Reaktor pemukul partikel yang mahal bukan satu-satunya cara untuk menjelajahi lebih jauh dunia fisika. Hidupkan keran dapur dan air memancar memukul wastafel berperilaku seperti sebuah lubang putih. Lawan dari teori lubang hitam. Aliran air akan menyebar ke disk tipis melingkar ketika menghantam wastafel. Disk ini memiliki properti yang tidak biasa: dikelilingi oleh "bibir" melingkar di mana perubahan ketinggian air tiba-tiba.

Hydraulic jump telah membingungkan fisikawan setidaknya seratus tahun. John Strutt, atau dikenal sebagai Lord Rayleigh, menerbitkan deskripsi matematika pertama fenomena ini tahun 1914. Berbagai jenis masalah hidrodinamika yang sulit untuk dipecahkan.

Beberapa tahun terakhir, studi tentang lompatan hidrolik telah diintensifkan karena para fisikawan telah menunjukkan bahwa lompatan hidrolik adalah contoh dari objek jauh lebih eksotis yaitu lubang putih, lawan dari lubang hitam. Sebuah white hole adalah daerah yang memancarkan gelombang dan partikel tetapi gelombang dan partikel tidak bisa masuk. Sedangkan lubang hitam sebaliknya. Belum ada seorang pun melakukan pembuktian eksperimental.

Sampai hari ini, Gil Jannes dari Universit e de Nice Sophia Antipolis di France et amis memberikan bukti. Sebuah lubang putih akan eksisi jika aliran air yang melintasi hydraulic jump lebih cepat daripada perjalanan gelombang. Ini berarti gelombang bisa lolos dari lubang tetapi tidak dapat masuk melawan arus.

Tetapi untuk membuktikan menjadi rumit. Masalah bermuara dalam mengukur kedua sifat karakteristik lubang putih yaitu aliran air di disk melingkar dan kecepatan di mana perjalanan gelombang di permukaan air. Masalahnya adalah lapisan tipis wafer air sehingga sulit untuk mengukur dengan akurat.
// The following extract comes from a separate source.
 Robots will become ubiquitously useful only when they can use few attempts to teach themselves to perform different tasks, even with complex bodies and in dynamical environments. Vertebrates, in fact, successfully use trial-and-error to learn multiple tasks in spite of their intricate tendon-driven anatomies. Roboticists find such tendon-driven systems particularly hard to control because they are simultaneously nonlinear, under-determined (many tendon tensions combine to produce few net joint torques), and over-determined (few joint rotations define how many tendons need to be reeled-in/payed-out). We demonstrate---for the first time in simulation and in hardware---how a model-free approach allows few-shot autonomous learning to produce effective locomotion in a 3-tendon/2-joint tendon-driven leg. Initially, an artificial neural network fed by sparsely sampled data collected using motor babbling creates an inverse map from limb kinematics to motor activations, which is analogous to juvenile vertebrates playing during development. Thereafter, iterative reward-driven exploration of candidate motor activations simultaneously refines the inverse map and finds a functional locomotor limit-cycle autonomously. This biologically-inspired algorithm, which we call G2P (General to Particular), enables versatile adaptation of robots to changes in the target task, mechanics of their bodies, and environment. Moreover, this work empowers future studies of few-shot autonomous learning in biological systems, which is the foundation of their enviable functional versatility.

Namun, Jannes dan rekannya memiliki masalah sebaliknya. Jangankan mengukur dua sifat secara langsung yang mungkin menemukan rasio dengan mengukur "Kerucut Mach terkait dengan aliran super tipis di bagian dalam wilayah lompatan."
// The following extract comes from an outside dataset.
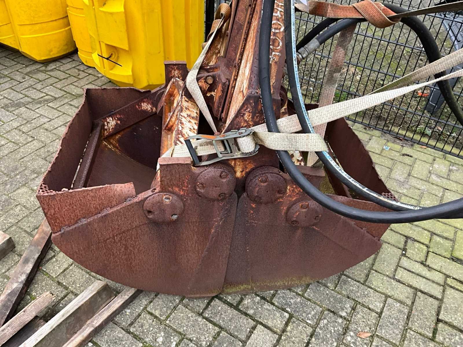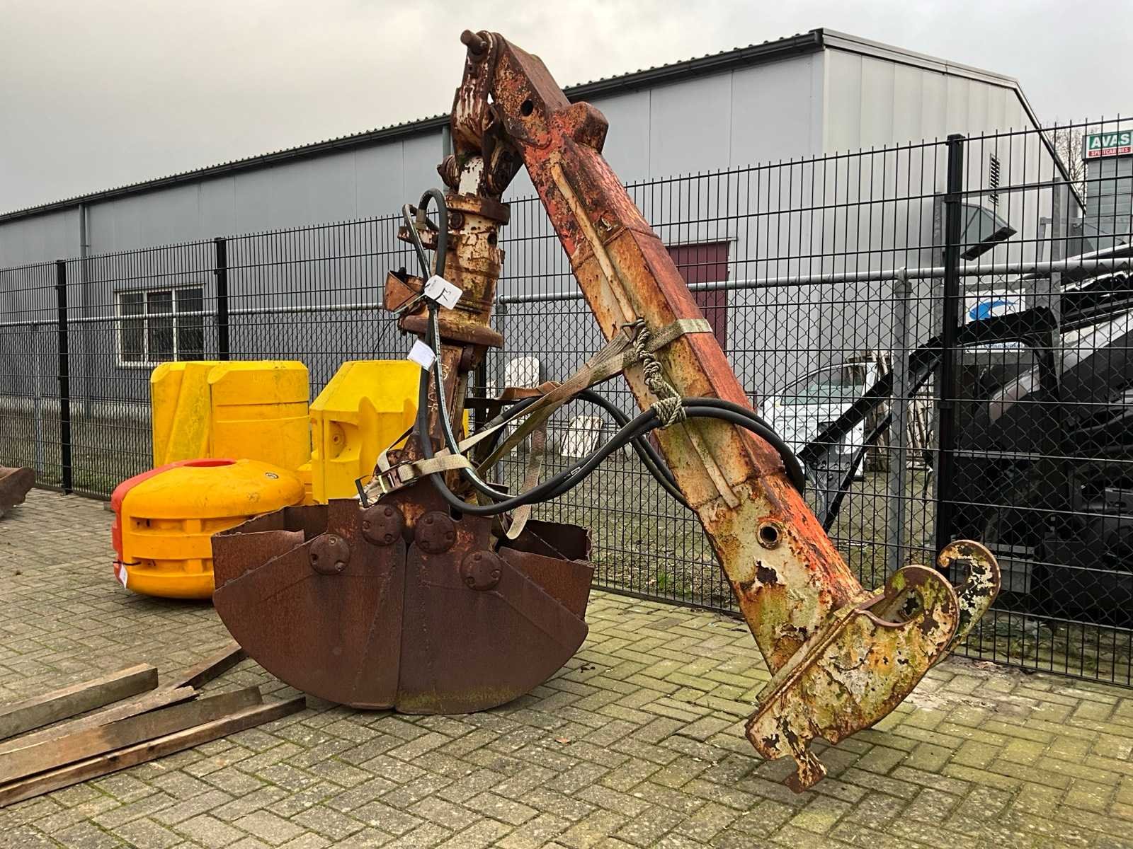 Voorzien van rotator, giek lengte circa: 2200 mm, knijpbak afmeting circa: 800x1250x650 mm, snelwissel CW30 Totale afmeting L: 3350mm Totale afmeting Breedte: 1000mm Totale afmeting Hoogte: 2400mm

Terdengar rumit tetapi sebenarnya mudah. Letakkan jari Anda ke dalam disk air dan aliran berbetuk v tersebut adalah kerucut Mach. Sudut bentuk v merupakan nilai penting dalam mengukur. "Kami menyediakan sebuah demonstrasi eksperimental lingkaran hydraulic jump merupakan sebuah lubang putih hidrodinamika," kata Jannes yang melaporkan ke server preprint arXiv.org/abs/1010.1701:

We provide an experimental demonstration that the circular hydraulic jump represents a hydrodynamic white hole or gravitational fountain (the time-reverse of a black hole) by measuring the angle of the Mach cone created by an object in the “supersonic” inner flow region. We emphasise the general character of this gravitational analogy by showing theoretically that the white hole horizon constitutes a stationary and spatial saddle-node bifurcation within dynamical-systems theory. Some perspectives are outlined on the usefulness of the circular jump as an experimentally viable white hole model for analogue gravity, in particular with respect to the ongoing debate on the robustness of Hawking radiation.
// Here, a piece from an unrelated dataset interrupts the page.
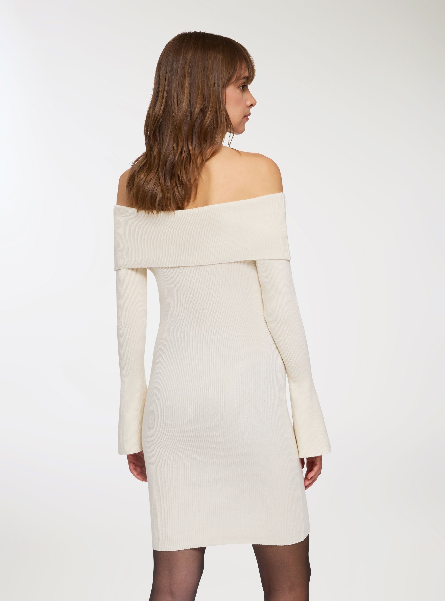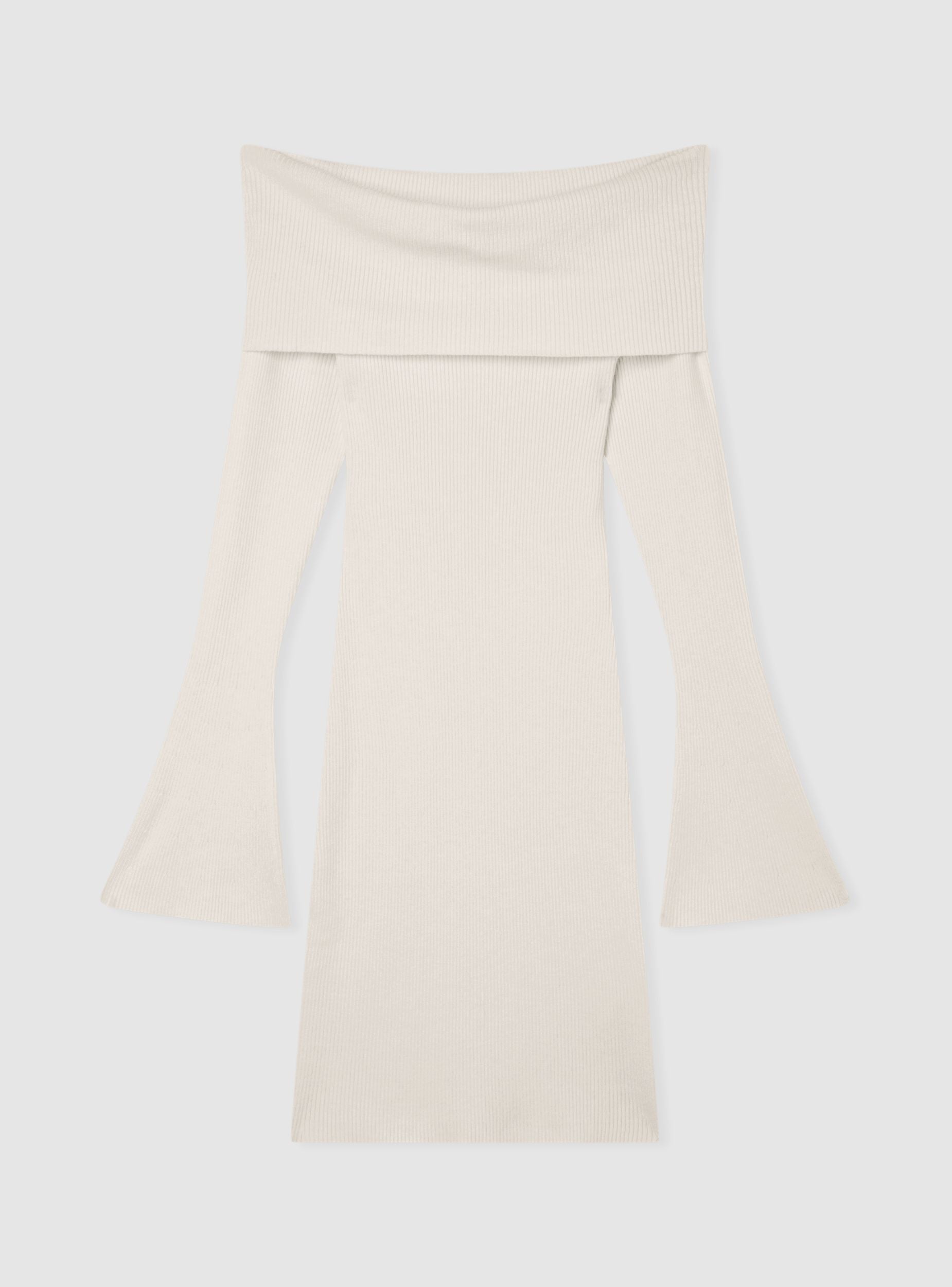 Ženska pletena haljina s dizajnom bez ramena, savršena za ženstven i sofisticiran stil. Uski kroj naglašava siluetu, dok lagano raširene duge rukave dodaju elegantan dodir. Idealna za hladnu sezonu, odgovara i za ležerne kombinacije s čizmama, kao i za chic večernje outfite. Svestran, topao i moderan komad za svaku priliku.Detalji

Ini temuan yang menakjubkan dan eksotis untuk mereproduksi karakteristik objek alam semesta ke dalam wastafel dapur Anda bersama Stephen Hawking.
  1. G. Jannes, R. Piquet, P. Maissa, C. Mathis, G. Rousseaux. The circular jump is a white hole, arXiv:1010.1701 [physics.flu-dyn], Submitted on 8 Oct 2010.